Mauvais chiffres du chômage pour février, remaniement annoncé au lendemain du second tour des Municipales de dimanche, possible inflexion de la politique économique pour satisfaire "le peuple de gauche": Michel Sapin, le ministre du Travail et très proche de François Hollande, est à coup sûr l'un des hommes que l'on veut entendre en ce moment.

Invité de BFMTV et RMC ce 27 mars, il a concédé : " si vous voulez que je dise que les chiffres du chômage (de février) sont mauvais, alors je dis, oui ils sont mauvais, et j'en prends ma part de responsabilité". Ces chiffres vont "dans la mauvaise direction".

"Tout le problème est donc de savoir quels sont les éléments de cette mauvaise direction sur lesquels on peut agir", a-t-il ajouté.

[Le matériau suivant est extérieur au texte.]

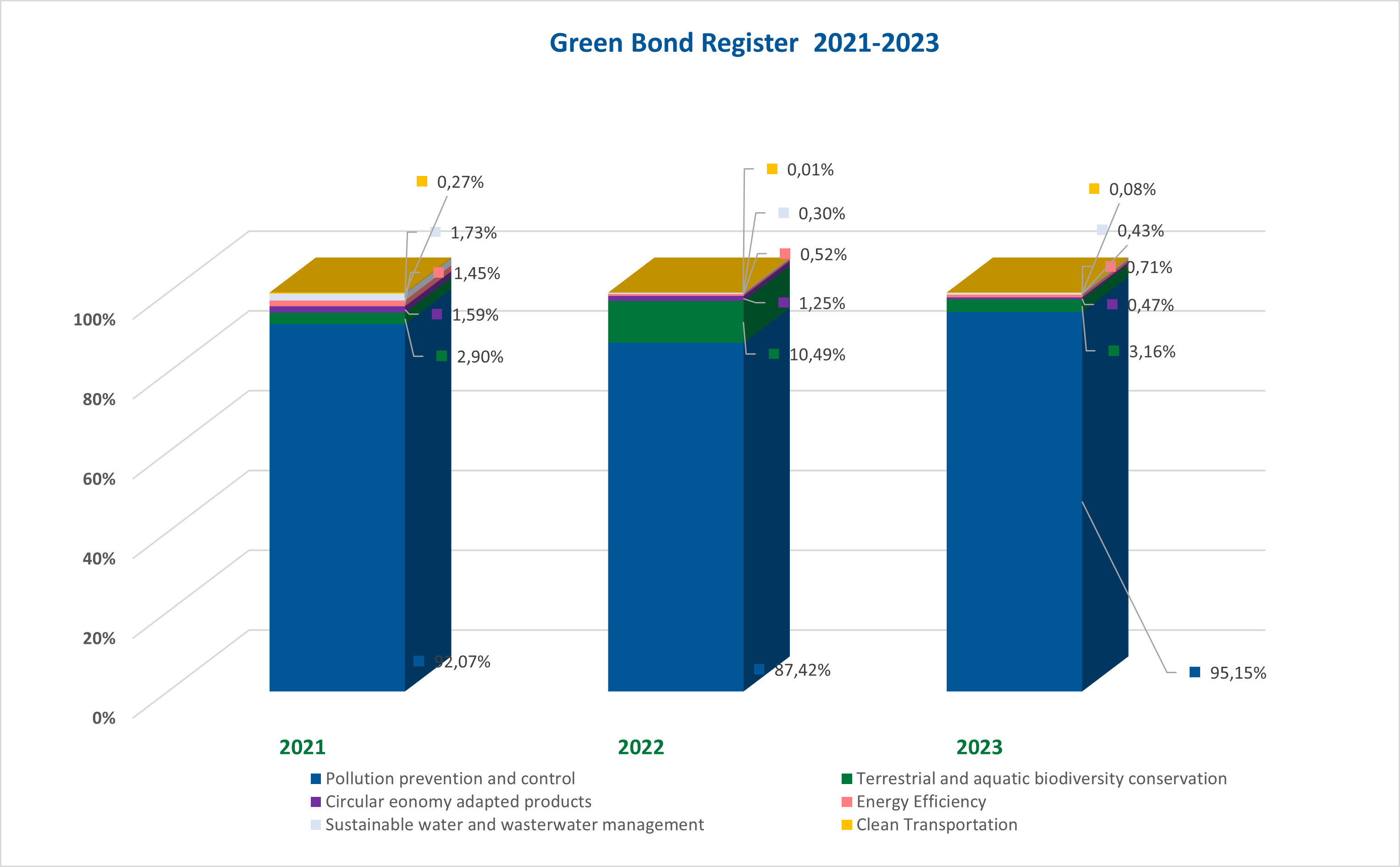 The information on the use of funds refers to the allocations made during the year 2023 and includes projects carried out during 2021, 2022 and 2023, having allocated the total of €600 million from the bond issued on 30 October 2023, with a 6-year maturity.
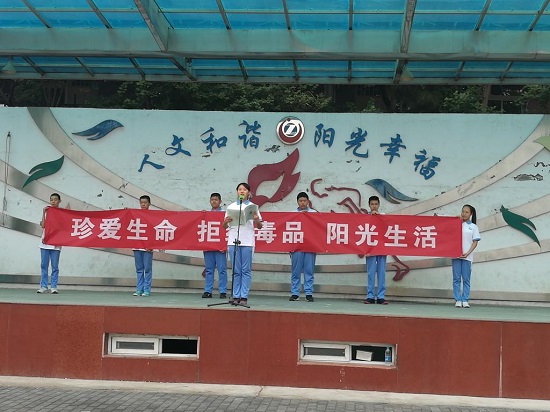 6月17日升旗仪式举行了主题教育演讲和全体师生参加禁毒签字承诺活动。韩澳同学进行了主题为“珍爱生命?拒绝毒品?阳光生活”的国旗下演讲,她倡议同学们认真学习预防毒品的知识,树立自我保护的意识,从我做起抵制毒品。学校还进行了全体师生签名承诺活动。为了进一步提高学生们禁毒的意识,学校还开展了禁毒知识问答的学习活动,学生们通过查阅资料,不仅了解了国际禁毒日的来历,还对毒品的危害等知识有了进一步认知。
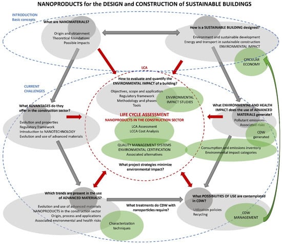 - Identification of the problem and contextualization of basic concepts, thoroughly explained in the introduction, to know the origin and the theoretical foundations of nanomaterials, as well as the environmental impact of the current production system. This section will answer two main questions: what nanomaterials are, and how a sustainable building is designed, which are both closely related.

C'est la raison pour laquelle il faut mettre en oeuvre le pacte de responsabilité, a insisté Michel Sapin.

Pacte millimétré

Ce pacte "doit être millimétré" dans ses détails, a renchéri le ministre du Travail. Ce qui explique la durée de sa mise en oeuvre. D'autant que les "organisations patronales ne sont pas toutes sur la même longueur d'onde", a pointé Michel Sapin.

Il n'a donc rien voulu dire de précis sur le fond, mais en insistant sur le fait que les économies qui financeront le pacte ne devront pas "être défavorables ni à l'économie ni aux plus malheureux" des Français. Ce plan d'économie sera présenté "au cours du mois d'avril", a-t-il dit sans plus de précision.

"Infléchir, est-ce changer de cap ?"

Les mauvais résultats des Municipales ainsi que les chiffres du chômage vont-ils entraîner un changement de politique économique ? "Nous gardons le cap. Le cap, c'est redonner de la compétitivité", a lancé Michel Sapin.

Mais il a cependant affirmé: " infléchir, c'est changer de cap ? ". Une façon de reconnaître qu'il y aura bien des changements au moins de méthode de gouvernement. "Il faut aller plus rapidement comme l'a demandé le président de la République", a-t-il conclu.